§ Records for processing:
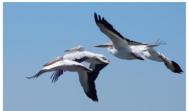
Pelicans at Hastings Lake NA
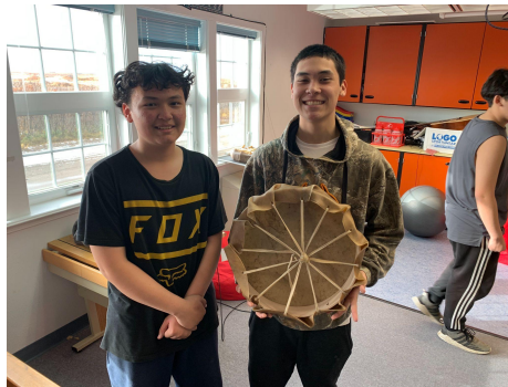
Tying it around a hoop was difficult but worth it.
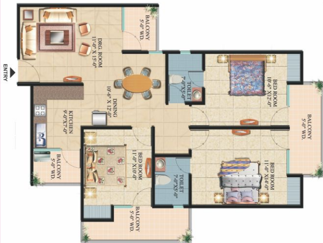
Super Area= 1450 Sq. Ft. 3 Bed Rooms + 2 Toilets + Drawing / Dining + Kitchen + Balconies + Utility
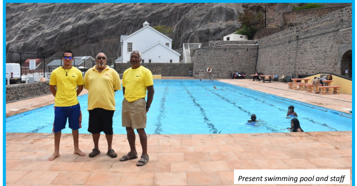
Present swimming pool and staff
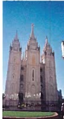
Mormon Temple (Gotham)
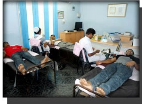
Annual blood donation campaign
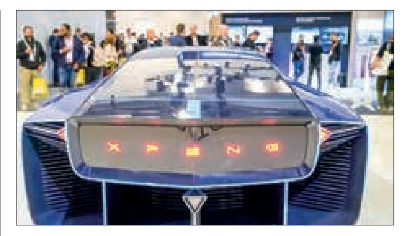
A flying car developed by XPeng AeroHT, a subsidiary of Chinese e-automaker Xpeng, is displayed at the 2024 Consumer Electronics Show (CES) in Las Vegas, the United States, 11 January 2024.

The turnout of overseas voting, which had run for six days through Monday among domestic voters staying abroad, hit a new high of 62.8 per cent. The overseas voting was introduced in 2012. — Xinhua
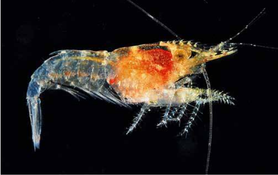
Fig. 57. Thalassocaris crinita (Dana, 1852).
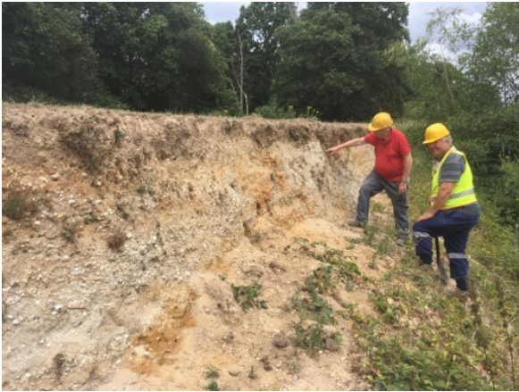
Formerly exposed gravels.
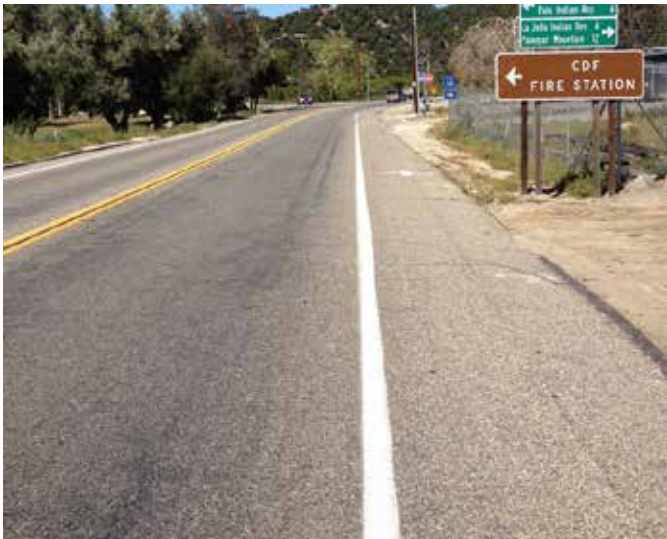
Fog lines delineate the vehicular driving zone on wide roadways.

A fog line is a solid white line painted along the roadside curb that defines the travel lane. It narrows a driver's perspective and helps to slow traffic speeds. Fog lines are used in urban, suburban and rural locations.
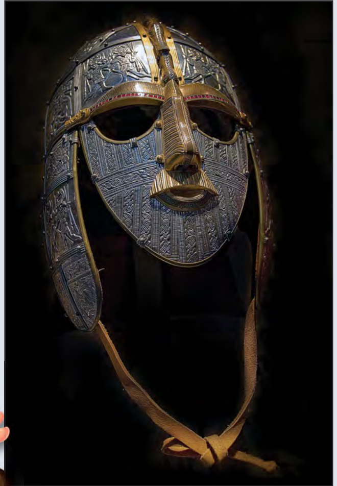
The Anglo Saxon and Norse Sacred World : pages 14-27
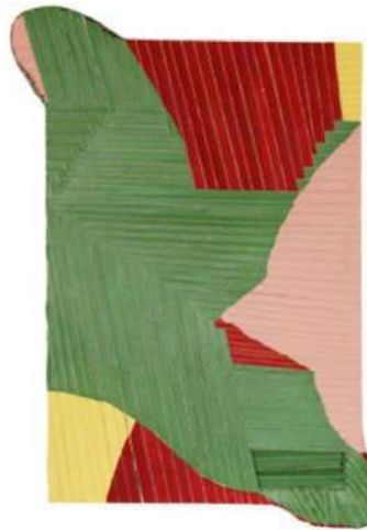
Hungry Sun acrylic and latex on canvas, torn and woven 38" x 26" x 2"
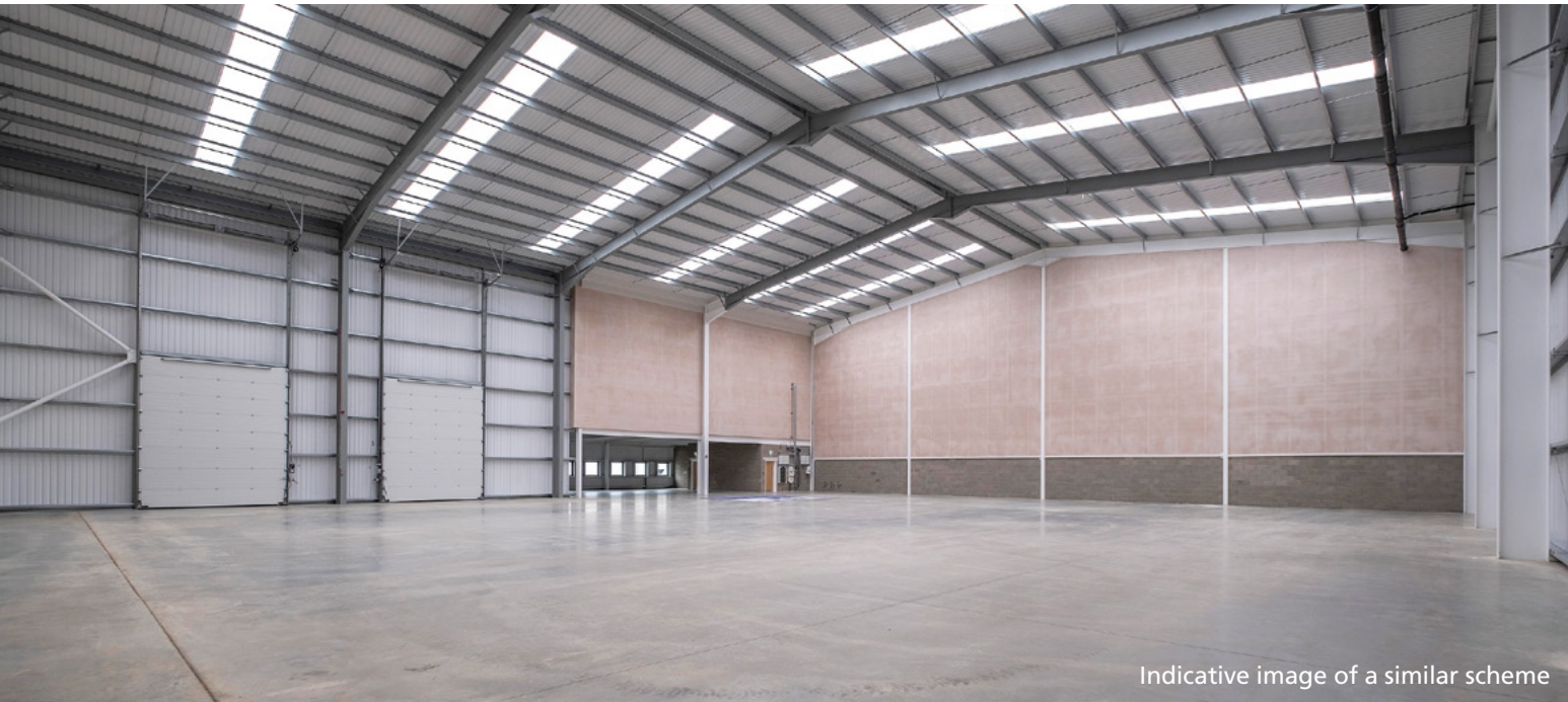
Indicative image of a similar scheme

==

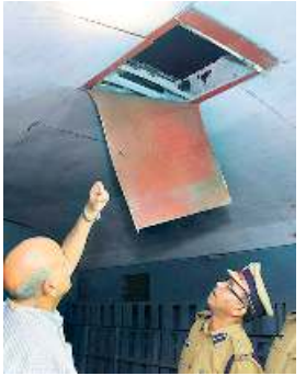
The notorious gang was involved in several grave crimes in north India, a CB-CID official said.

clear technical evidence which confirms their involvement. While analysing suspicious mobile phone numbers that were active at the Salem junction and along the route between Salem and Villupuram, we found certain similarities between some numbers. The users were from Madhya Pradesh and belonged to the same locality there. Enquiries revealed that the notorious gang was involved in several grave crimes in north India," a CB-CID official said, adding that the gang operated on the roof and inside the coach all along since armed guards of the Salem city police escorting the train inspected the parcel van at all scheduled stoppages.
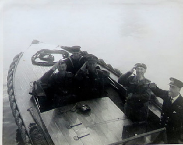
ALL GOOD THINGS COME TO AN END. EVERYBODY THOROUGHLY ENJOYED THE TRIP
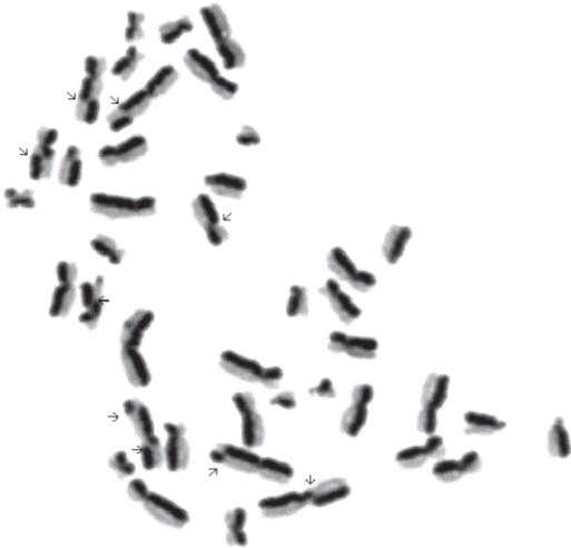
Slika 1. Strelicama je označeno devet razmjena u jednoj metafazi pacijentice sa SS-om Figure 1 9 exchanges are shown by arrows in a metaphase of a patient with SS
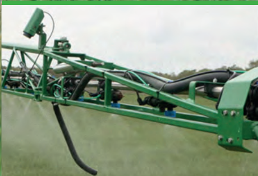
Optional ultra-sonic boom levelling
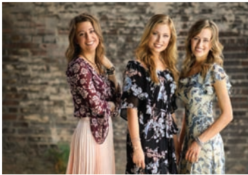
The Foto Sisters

...

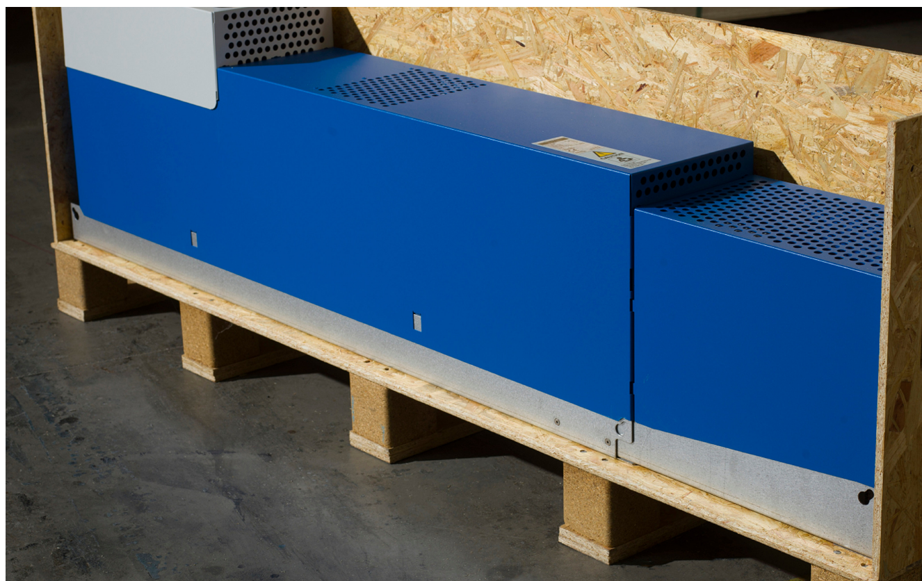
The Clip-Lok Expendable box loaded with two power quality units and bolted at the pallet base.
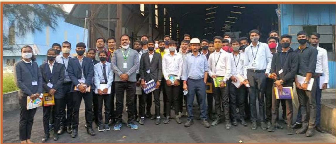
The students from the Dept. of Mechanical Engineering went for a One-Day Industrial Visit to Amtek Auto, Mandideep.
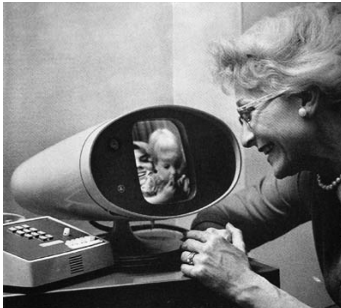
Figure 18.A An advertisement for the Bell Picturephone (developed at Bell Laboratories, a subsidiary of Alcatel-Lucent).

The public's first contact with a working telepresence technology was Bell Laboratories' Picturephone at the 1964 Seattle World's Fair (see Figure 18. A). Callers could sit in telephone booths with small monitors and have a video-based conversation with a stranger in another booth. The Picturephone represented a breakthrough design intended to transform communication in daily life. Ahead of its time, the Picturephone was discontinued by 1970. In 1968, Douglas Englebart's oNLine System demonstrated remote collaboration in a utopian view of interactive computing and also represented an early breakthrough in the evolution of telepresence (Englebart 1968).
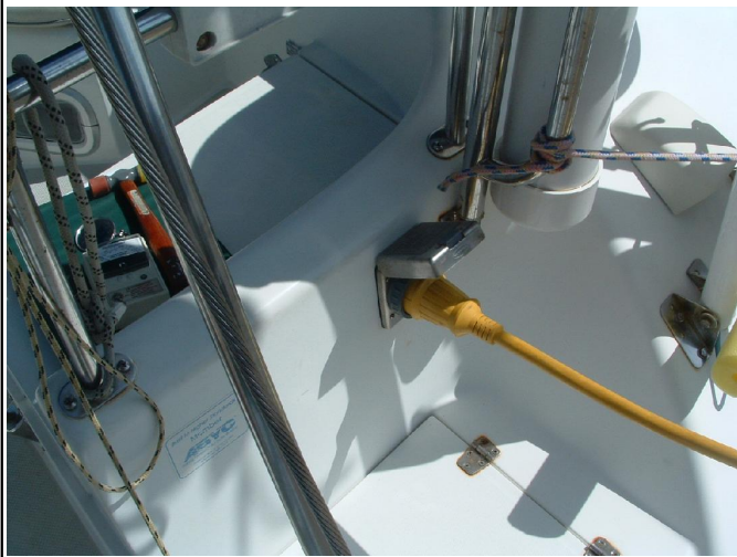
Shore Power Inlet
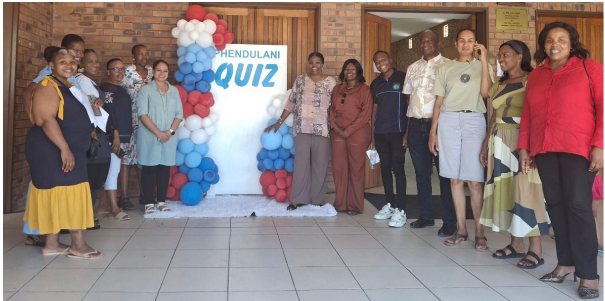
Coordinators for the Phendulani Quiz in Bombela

§ Required action: Using the records above, gather all lines where the string "crimes" is present.

§ Solved problem:
The notorious gang was involved in several grave crimes in north India, a CB-CID official said.
clear technical evidence which confirms their involvement. While analysing suspicious mobile phone numbers that were active at the Salem junction and along the route between Salem and Villupuram, we found certain similarities between some numbers. The users were from Madhya Pradesh and belonged to the same locality there. Enquiries revealed that the notorious gang was involved in several grave crimes in north India," a CB-CID official said, adding that the gang operated on the roof and inside the coach all along since armed guards of the Salem city police escorting the train inspected the parcel van at all scheduled stoppages.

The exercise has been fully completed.